Request for reviews (M) 8005600: compiler/8004741/Test8004741.java fails intermediately

Mon Jan 21 15:17:28 PST 2013

Thank you, David

First, this test tries to exercise paths in runtime code (not in 
compiled code) which pass exceptions to compiled code. 2 places are:

1. runtime calls from compiled methods (in opto/runtime.cpp). The test 
call it because variable values (passed as arguments, so it does not 
matter what values are passed) are used for multidimensional array 
allocation and flag -XX:+StressCompiledExceptionHandlers to avoid 
deoptimization of compiled frame which we do normally.

2. during safepoint in JavaThread::send_thread_stop(). The test tries to 
bring VM into safepoint by allocating big array with small heap.
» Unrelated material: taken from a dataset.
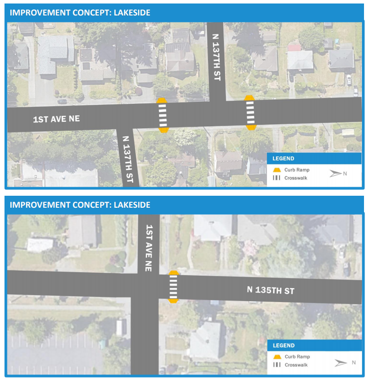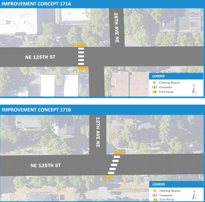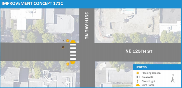 This project will spend $400,000 to create three additional crosswalks across NE 125th St at 35th Ave NE, 28th Ave NE, and 12th Ave NE, and add flashing beacons there.

I think this cases should be separated (separate test methods). Also it 
would be nice to add third case, as you suggested, by injected invalid 
dimension size.

An other thing to improve is to add COMPILED state which set after 11000 
iterations in the loop in run(). We test without tiered so threshold is 
10000 for C2 (1000 for c1) and we use -Xbatch so the code will wait 
compilation finish.

It would be nice to avoid (passed > N/2) condition to pass test. Is it 
possible to find why it fails?

Thanks,
Vladimir

On 1/19/13 7:05 AM, David Chase wrote:
>
> http://cr.openjdk.java.net/~drchase/8006500/webrev.01/
>
> 8004741 tested for the multi-dimensional-array-allocation-lack-exception-handler bug.
> This is accomplished by allocating a multi-dimensional array in an infinite loop,
> Thread.stop()ing the looping allocator (asynchronously throws ThreadDeath in victim thread).
>
> The old logic used timed waits to coordinate the two threads, and that did not always work;
> sometimes the ThreadDeath would land in an unexpected place.
> It also contained 6 seconds of total wait time.
>
> Fix:
>
> Rewrote most of the test surrounding the victim try-block.
>
> New version uses wait-notify to coordinate the two threads.
>
> The region of code in which a "pass" could be recorded was reduced.
>
> Pass was turned into a count, and the test was made statistical;
> if more than half of the N runs of the test code record a "pass" then
> it is judged to be a pass, else it is a fail.  The regression failure
> is a crash, so less than 100% testing is okay.
>
> All unexpected behavior (any exception other than ThreadDeath,
> and unexpected thread state changes) leads to a fail().
>
> The new version contains .5 + .1 * N seconds of explicit wait time
> (N=12, so 1.7), plus whatever is required for wait-notify thread coordination
> (ought to be milliseconds in the usual case).  The first .5 second might
> be completely unnecessary; I expect someone will tell me.
>
> Testing:
>
> Switching back and forth between pre-8004741-fix 7u11 and post-fix, verified that the modified 8004741 would still reliably fail on an unfixed VM.  Experimented with different sizes of 2-D allocation; that seemed to matter.
>
> Artificially padded the body of test to see that the statistical nature of the test would work -- that the try-block hit rate would go down (it did).
>
> JPRT of the new 8004741 on Mac, Solaris, x86 (some problem with running on Linux)
>
> - Checked that the x86 failures were all bogus (zip failure post-test; tests all passed)
> - Checked the logs of all the Mac and Solaris JPRT runs to look for any misses of the try-block; some Solaris runs saw one out of 12 trials miss once (i.e., 11 hits).  Note that this is hitting a "smaller target" than the previous version of the test, so these misses don't correspond to failures in the previous version of the test; that was due to timing hiccups.
>
>
>